Address
- 1205 19th St. Belleville, Kansas, 66935 United States
- Coordinates: 39°49′22″N 97°37′54″W﻿ / ﻿39.82278°N 97.63167°W

District information
- Type: Public
- Grades: K to 12
- Schools: 3

Other information
- Website: usd109.org

= Republic County USD 109 =

Public school district in Belleville, Kansas

Republic County USD 109 is a public unified school district headquartered in Belleville, Kansas, United States.
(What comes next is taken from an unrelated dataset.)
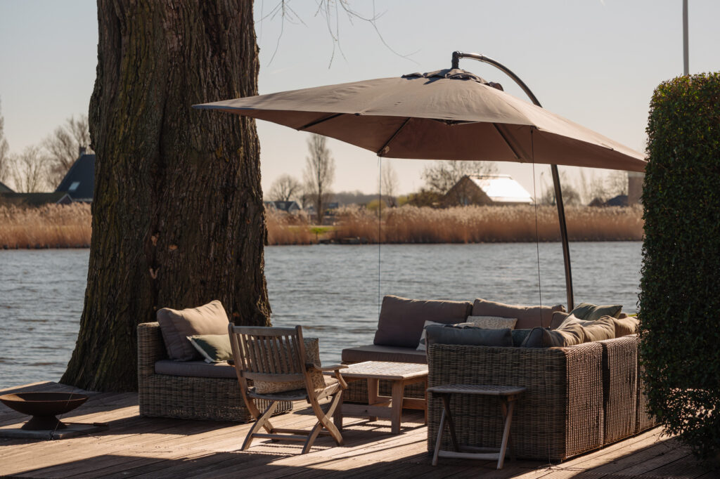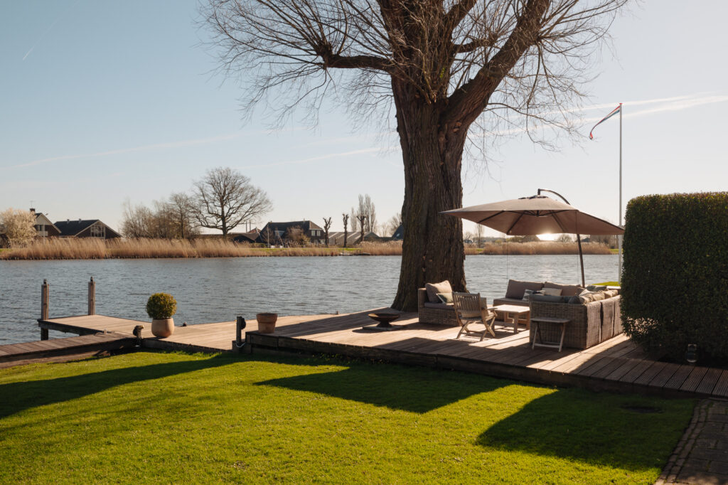 De royale tuin rondom de woning is één van de absolute pluspunten. Met meerdere terrassen, een eigen insteekhaven en aanlegsteigers biedt de tuin altijd een plek in de zon of schaduw. Of u nu wilt genieten van een rustige ochtend aan het water of een lange zomeravond met vrienden, hier kan het allemaal. Het perceel van circa 1.150 m² is met zorg onderhouden en verkeert in goede staat.

The district includes the communities of Belleville, Agenda, Cuba, Munden, Narka, Republic, Harbine, Talmo, Wayne, and nearby rural areas.

==Schools==
The school district operates the following schools:
- Republic County High School
- Republic County Middle School
- Belleville East Elementary School

==History==
In 1945 (after World War II), the School Reorganization Act in Kansas caused the consolidation of thousands of rural school districts in Kansas.

In 1963, the School Unification Act in Kansas caused the further consolidatation of thousands of tiny school districts into hundreds of larger Unified School Districts.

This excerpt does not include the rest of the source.